_What is being asked_
Recreate the listing that follows line for line, without pictures.
------------------------------------
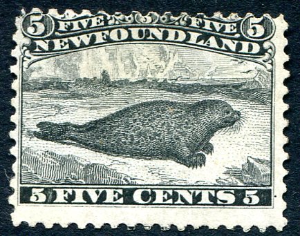 VG/Fine mint Hinged, partially regummed example of the iconic 1868 issue 5c black "Harp Seal" from the first decimal currency series. 2025 Scott US$750.00 =
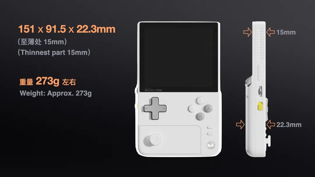 Pocket DMG 在小巧尺寸中寻找到绝妙的握持平衡。91.5mm 的机身宽度搭配 278g 的重量,与 3.92" 屏幕相得益彰,让竖握体验自然顺滑。机身底部采用大曲率 R 角,与掌心接触的核心握持区域基于曲率更大的 3D 弧面设计,加上边框的倒角衔接,使手指、掌心与机身的接触更贴合、更舒适,长时间游玩也乐此不疲。
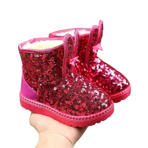 Cekinowe śniegowce dla dziewczynki z uszami królika
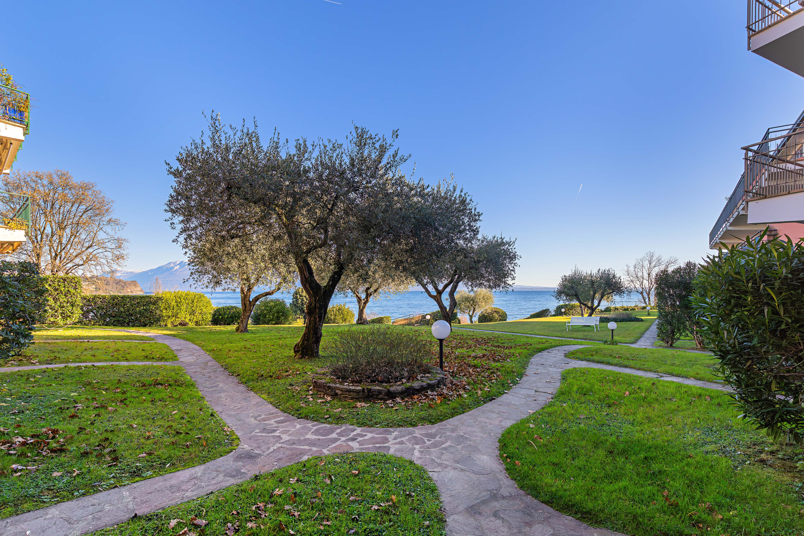 Modern ground-floor apartment in Manerba del Garda, located within the “San Sivino” Residence, featuring a swimming pool, playground, large shared green areas, and direct access to the beach and the lake.
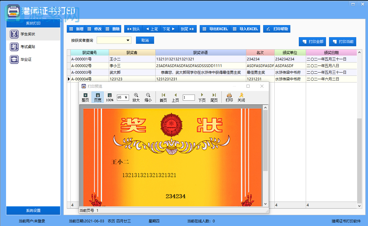 如未配置PDF导出的文件在奖状显示完全的情况下 右边和下边会有空白区,这是因为你没有设置打印机打印规格大小所导致,和软件没有关系!
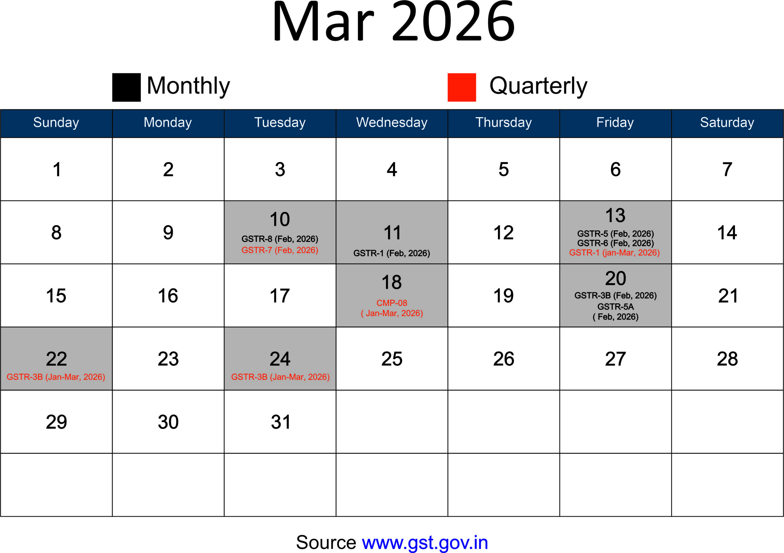 • GST Calendar
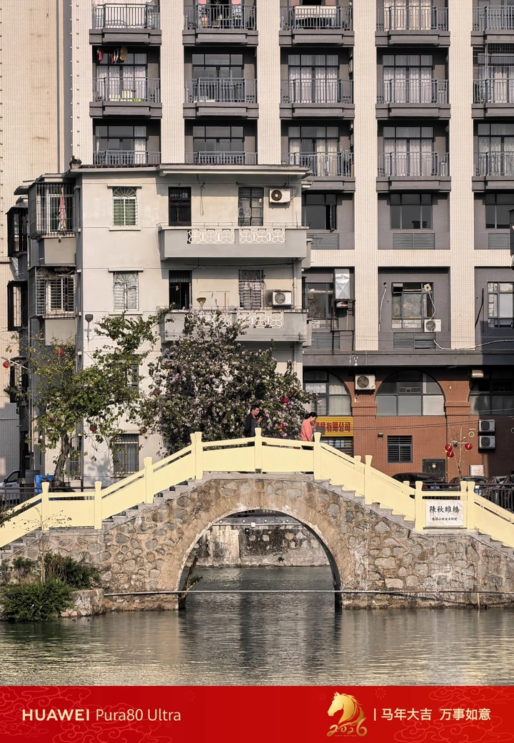 石桥拱着旧时光, 新楼在身后叠起日常。 水面浮着黄鸭的憨态, 桨声剪开一湖青绿。 水杉把影子斜斜铺在岸, 有人从林间走过, 把春天踩成细碎的声响。 落日漫过楼宇, 把云染成熔金, 把远山晕成淡墨。 风里有花草的余香, 也有马年的新愿, 轻轻落在每一寸人间。
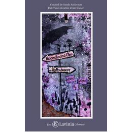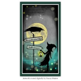 A single stamp featuring a rustic signpost at a fork in the path, its weathered planks pointing the way to the mysterious realms of Moonshadow Glen and Hallowmere.
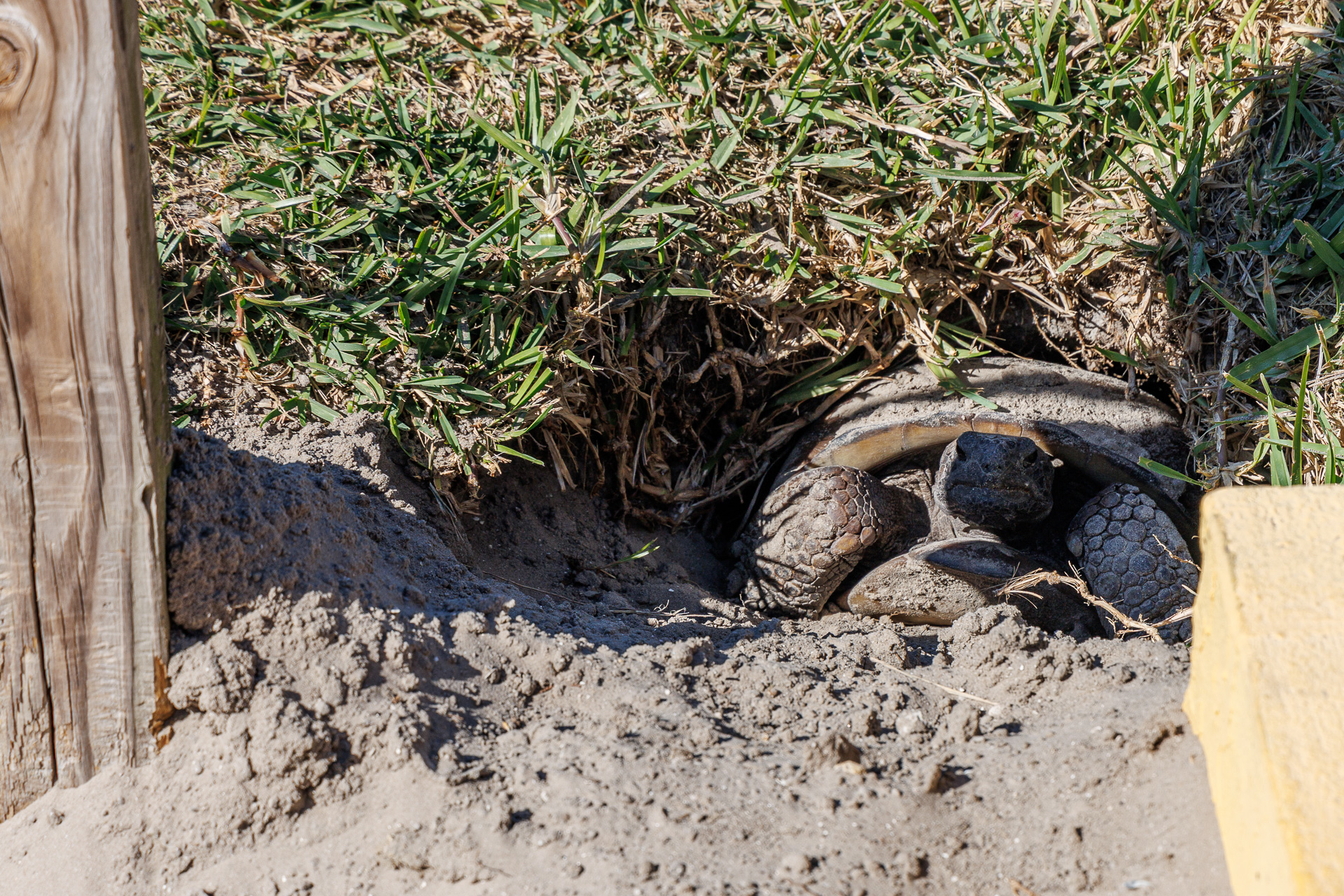 Cape Canaveral est également une réserve naturelle. C’est l’un des meilleurs sites de nidification des tortues de la côte Est et cette tortue l’a bien compris, bien cachée dans son trou de sable !
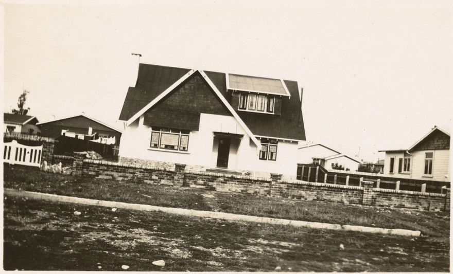 This house was designed by Reginald Thorrold-Jaggard, a local architect, and built for Mr David H Cook, a window dresser of Palmerston North. The roof line was remodelled in the 1930s to include another room upstairs - see 2010N_Bur317_3258.
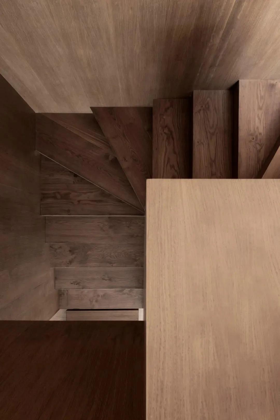 楼梯间用原木整体打造,将醇厚温馨的质感一直延伸到楼上,空间的和谐感沁人心脾,同时也可从家具的选配和空间的细节中窥见生活的品味感。
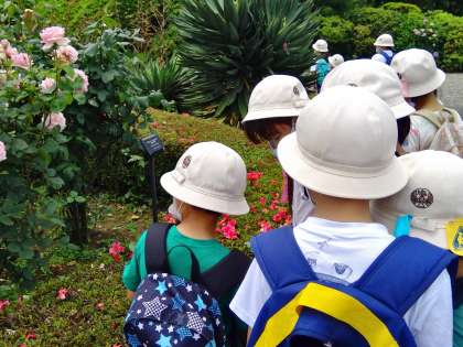 園内をぐるっと探検した後は、整形式庭園のバラ園にて、たてわり班のグループに分かれて「ミッション」に挑戦しました。「3文字の名前のバラを探せ!」「白いバラをさがせ!」など、グループごとに異なるミッションに協力して取り組みました。
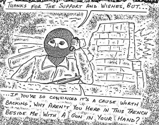 | Support the troops, any troops. Just don’t become one yourself. It’s dangerous. |
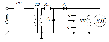 Рисунок 3 – Схема калибровки киловольтметра типа С-100 на постоянном напряжении: РН – регулятор напряжения; ТВ – трансформатор высоковольтный; Rзащ –защитный резистор; V1, V2 –вентили; C – конденсатор; ШР – шаровой разрядник; кВ – киловольтметр
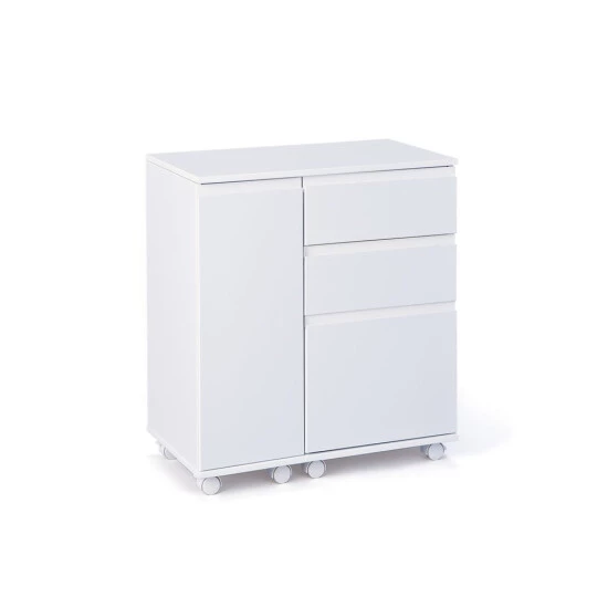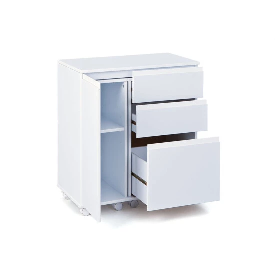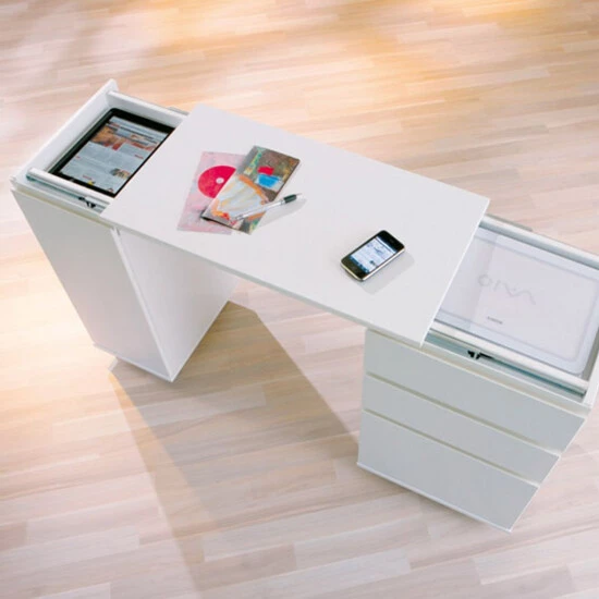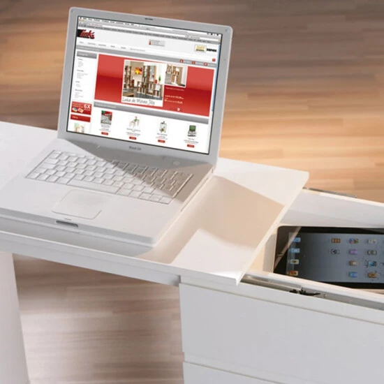 Der LAPTOP-OFFICE Schreibtisch ist für alle, die den Platz effektiv nutzen möchten. Der Schreibtisch ist vielseitig einsetzbar da er bei Bedarf schnell ausziehbar ist. Er kann im Handumdrehen auseinandergezogen werden und zu einem vollwertigen Arbeitsplatz umfunktioniert werden. Der Schreibtisch bietet so zusätzliche Ablageflächen und Beinfreiheit um mit einem Bürostuhl optimal daran Platz nehmen zu können um zu arbeiten. Auf der Ablagefläche des Schreibtisches ist Platz für einen Laptop. Zubehör wie Ladekabel etc. können in den Schubladen des rechten Containers Untergebracht werden. Hinter der Tür des linken Rollcontainers befinden sich zwei Fächer die zusätzlich, reichlich Stauraum bieten.
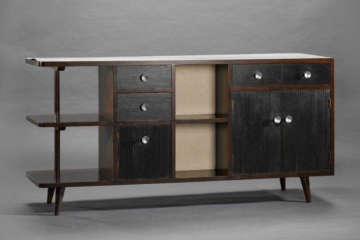 The distinct looking art deco table has a formica finished flat top. A corporate brand name, formica is also a type of plastic lamination which is easy to maintain. It was popular in households from the mid-20th century onwards.
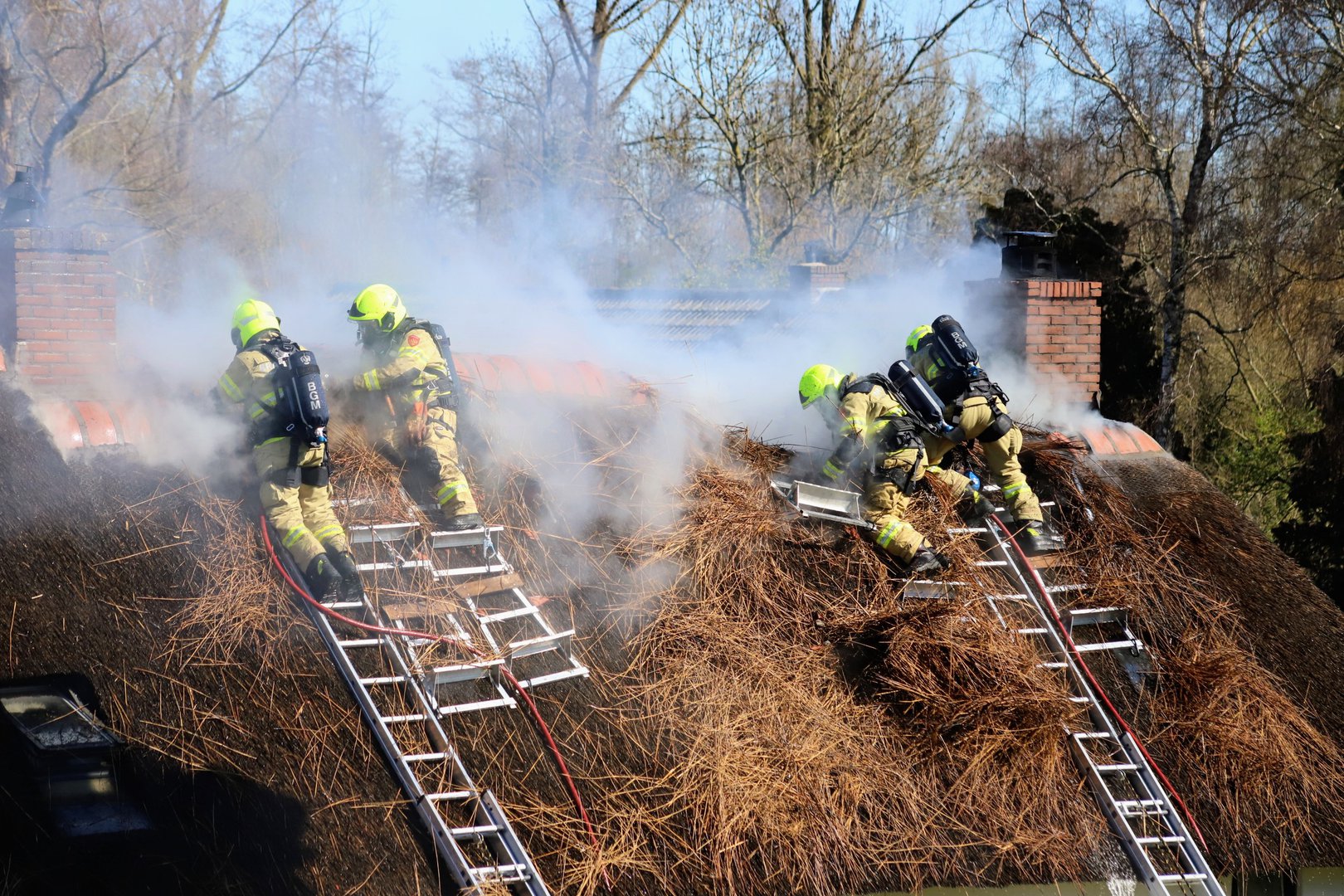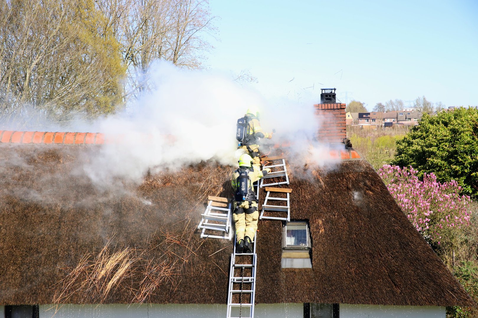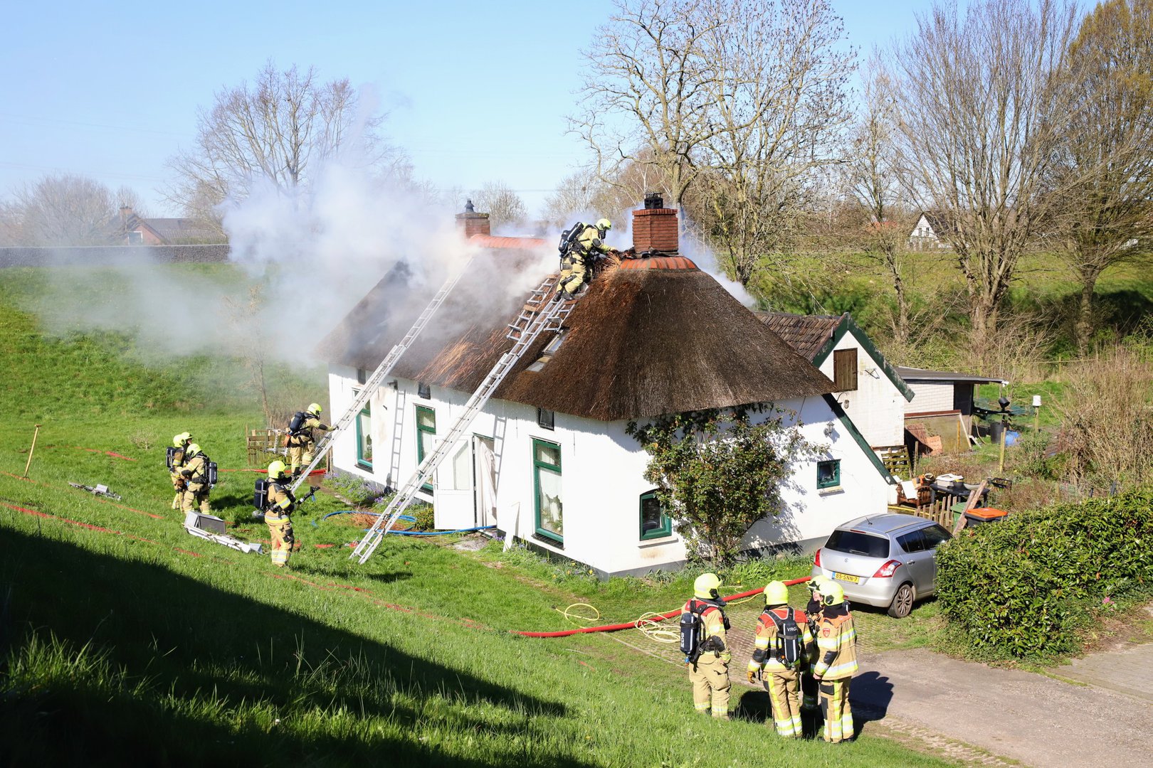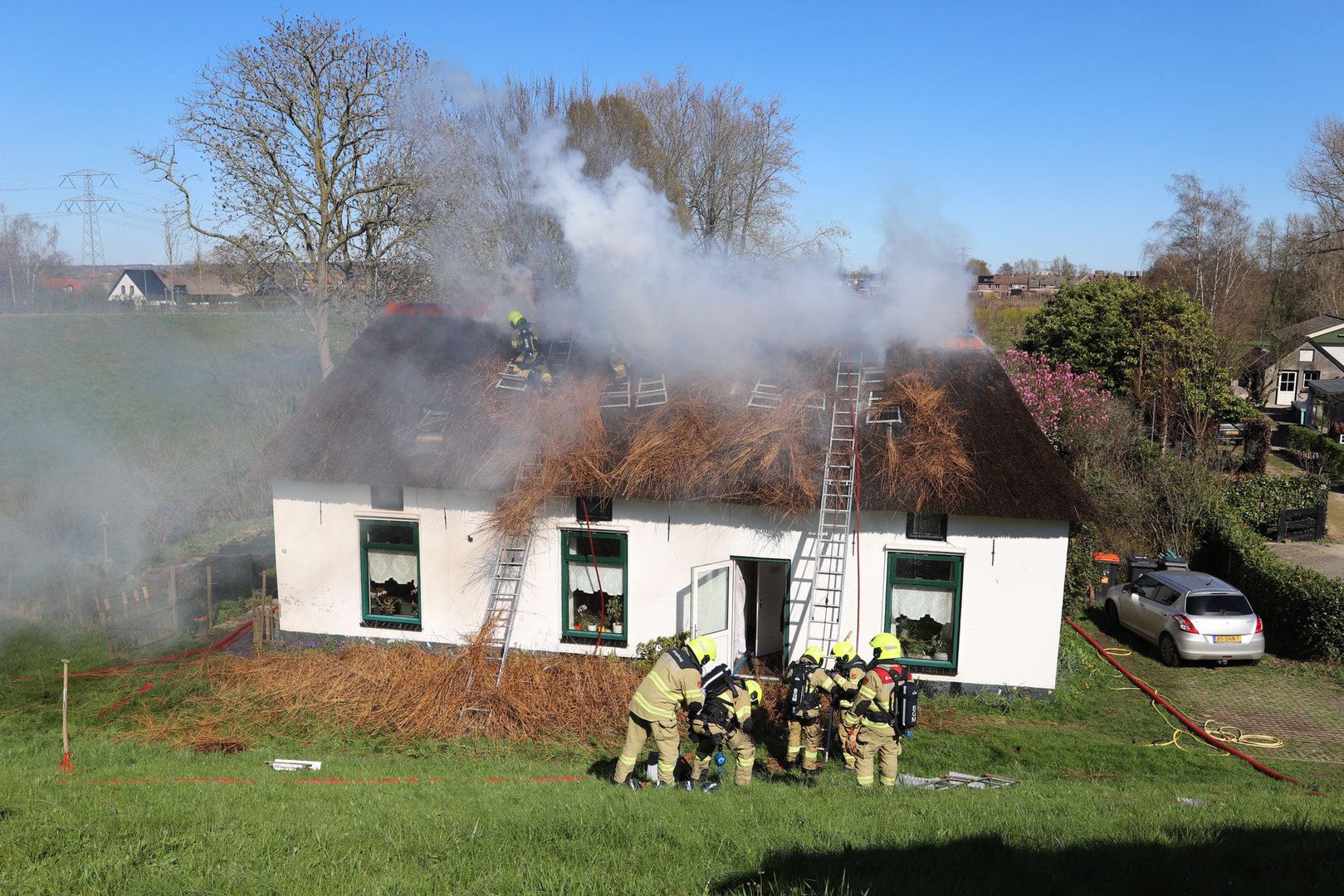 DODEWAARD – Maandagochtend woedt er een brand in het rieten dak van de woonboerderij op de Waalbandijk in Dodewaard.
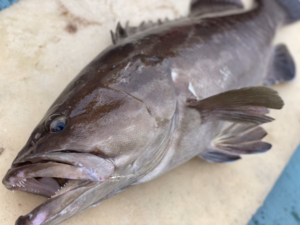 大きな岩がゴツゴツしていてクエが住み着きやすいポイントを狙って縄を仕掛け、約1時間後に回収しクエを釣り上げます。
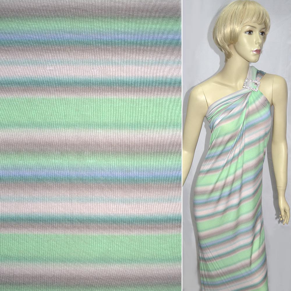 Трикотаж вискозный стрейч в салатово-голубые и белые полоски ш.140 купить в розницу и оптом
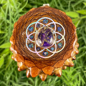 Our handmade pendants are crafted from sustainably wild-gathered Knobcone Pinecones. Every Aura Pinecone is carefully dried, aged, and cross-sectioned before being meticulously designed.
------------------------------------
_Solution to this task_
 VG/Fine mint Hinged, partially regummed example of the iconic 1868 issue 5c black "Harp Seal" from the first decimal currency series. 2025 Scott US$750.00 =
 Pocket DMG 在小巧尺寸中寻找到绝妙的握持平衡。91.5mm 的机身宽度搭配 278g 的重量,与 3.92" 屏幕相得益彰,让竖握体验自然顺滑。机身底部采用大曲率 R 角,与掌心接触的核心握持区域基于曲率更大的 3D 弧面设计,加上边框的倒角衔接,使手指、掌心与机身的接触更贴合、更舒适,长时间游玩也乐此不疲。
 Cekinowe śniegowce dla dziewczynki z uszami królika
 Modern ground-floor apartment in Manerba del Garda, located within the “San Sivino” Residence, featuring a swimming pool, playground, large shared green areas, and direct access to the beach and the lake.
 如未配置PDF导出的文件在奖状显示完全的情况下 右边和下边会有空白区,这是因为你没有设置打印机打印规格大小所导致,和软件没有关系!
 • GST Calendar
 石桥拱着旧时光, 新楼在身后叠起日常。 水面浮着黄鸭的憨态, 桨声剪开一湖青绿。 水杉把影子斜斜铺在岸, 有人从林间走过, 把春天踩成细碎的声响。 落日漫过楼宇, 把云染成熔金, 把远山晕成淡墨。 风里有花草的余香, 也有马年的新愿, 轻轻落在每一寸人间。
 A single stamp featuring a rustic signpost at a fork in the path, its weathered planks pointing the way to the mysterious realms of Moonshadow Glen and Hallowmere.
 Cape Canaveral est également une réserve naturelle. C’est l’un des meilleurs sites de nidification des tortues de la côte Est et cette tortue l’a bien compris, bien cachée dans son trou de sable !
 This house was designed by Reginald Thorrold-Jaggard, a local architect, and built for Mr David H Cook, a window dresser of Palmerston North. The roof line was remodelled in the 1930s to include another room upstairs - see 2010N_Bur317_3258.
 楼梯间用原木整体打造,将醇厚温馨的质感一直延伸到楼上,空间的和谐感沁人心脾,同时也可从家具的选配和空间的细节中窥见生活的品味感。
 園内をぐるっと探検した後は、整形式庭園のバラ園にて、たてわり班のグループに分かれて「ミッション」に挑戦しました。「3文字の名前のバラを探せ!」「白いバラをさがせ!」など、グループごとに異なるミッションに協力して取り組みました。
 | Support the troops, any troops. Just don’t become one yourself. It’s dangerous. |
 Рисунок 3 – Схема калибровки киловольтметра типа С-100 на постоянном напряжении: РН – регулятор напряжения; ТВ – трансформатор высоковольтный; Rзащ –защитный резистор; V1, V2 –вентили; C – конденсатор; ШР – шаровой разрядник; кВ – киловольтметр
 Der LAPTOP-OFFICE Schreibtisch ist für alle, die den Platz effektiv nutzen möchten. Der Schreibtisch ist vielseitig einsetzbar da er bei Bedarf schnell ausziehbar ist. Er kann im Handumdrehen auseinandergezogen werden und zu einem vollwertigen Arbeitsplatz umfunktioniert werden. Der Schreibtisch bietet so zusätzliche Ablageflächen und Beinfreiheit um mit einem Bürostuhl optimal daran Platz nehmen zu können um zu arbeiten. Auf der Ablagefläche des Schreibtisches ist Platz für einen Laptop. Zubehör wie Ladekabel etc. können in den Schubladen des rechten Containers Untergebracht werden. Hinter der Tür des linken Rollcontainers befinden sich zwei Fächer die zusätzlich, reichlich Stauraum bieten.
 The distinct looking art deco table has a formica finished flat top. A corporate brand name, formica is also a type of plastic lamination which is easy to maintain. It was popular in households from the mid-20th century onwards.
 DODEWAARD – Maandagochtend woedt er een brand in het rieten dak van de woonboerderij op de Waalbandijk in Dodewaard.
 大きな岩がゴツゴツしていてクエが住み着きやすいポイントを狙って縄を仕掛け、約1時間後に回収しクエを釣り上げます。
 Трикотаж вискозный стрейч в салатово-голубые и белые полоски ш.140 купить в розницу и оптом
 Our handmade pendants are crafted from sustainably wild-gathered Knobcone Pinecones. Every Aura Pinecone is carefully dried, aged, and cross-sectioned before being meticulously designed.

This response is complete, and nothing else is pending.